In the book, Bob Arctor carried a ".32 police-special revolver," the make and model of which are never elaborated upon. Arctor in the book keeps the gun under his pillow instead of under the bed as in the film, and also keeps it in his car's glove compartment while driving.

The clearest view of Arctor's service pistol, as he whips it out from under his bed after being jerked awake by Barris' gunshot.
Arctor: "What happened? How'd I get here?"
Arctor contemplates the sorry state of his life circumstances while investigating the source of the gunshot he heard. Shortly afterwards he witnesses Barris testing the "second prototype" of his "silencer." The rotoscoping process washes out the detail in this shot, most likely due to the subdued lighting in the original film print.

Unknown Carbine

In a scene original to the film and not found in the book, Alex Jones (a controversial conspiracy theorist and media pundit in real life) has a short cameo as a "Street Prophet" who harangues passersby via megaphone about the government's possible complicity in the Substance D addiction pandemic and the dangers of the increasingly intrusive surveillance state shown throughout the movie. He is then is subsequently incapacitated by police officers who then drag him into a van, not to be seen again in the film. The police officer (portrayed by an uncredited extra) who shocks Jones into compliance is seen carrying this carbine.

The whole scene is witnessed by Bob Arctor, who, like the other witnesses of the scene, shows no reaction, leaving open the question of whether or not the scene was in fact real or just another Substance-D-induced hallucination on Arctor's part.
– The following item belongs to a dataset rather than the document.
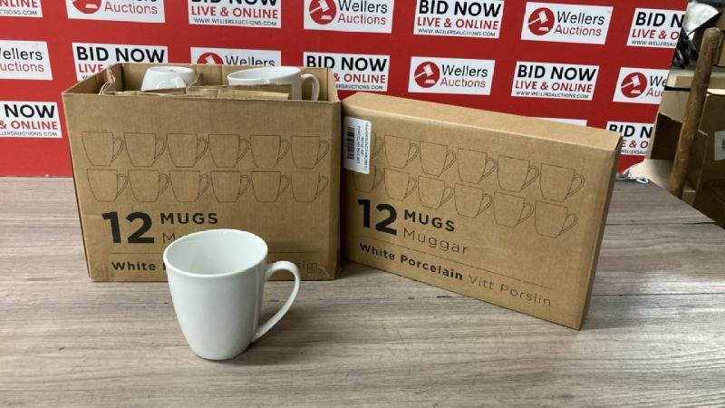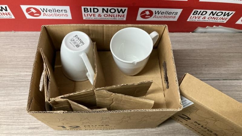 PORCELAIN MUG SET / 9 MUGS ONLY / ONE HAS A CHIP / E8

Despite being credited as a "Street Prophet," Alex Jones is in fact mentioned by name on a magazine headline briefly seen in the film (he is apparently "running for office" in this film's timeline), so it might be more accurate to say that he simply portrayed himself in this film.

Alex Jones being unceremoniously shocked by what appears to be a makeshift cattle prod (Jones' skeleton can be seen superimposed over his rotoscoped form in this shot). The lack of a buttstock or buffer tube, plus the AK-style gas tube above the carbine's handguard, implies that it may be a stockless AK carbine chambered in 5.56x45mm or 5.45x39mm, due to the curve of the magazine.
The police officer then readies his carbine as Alex Jones is dragged into the police van.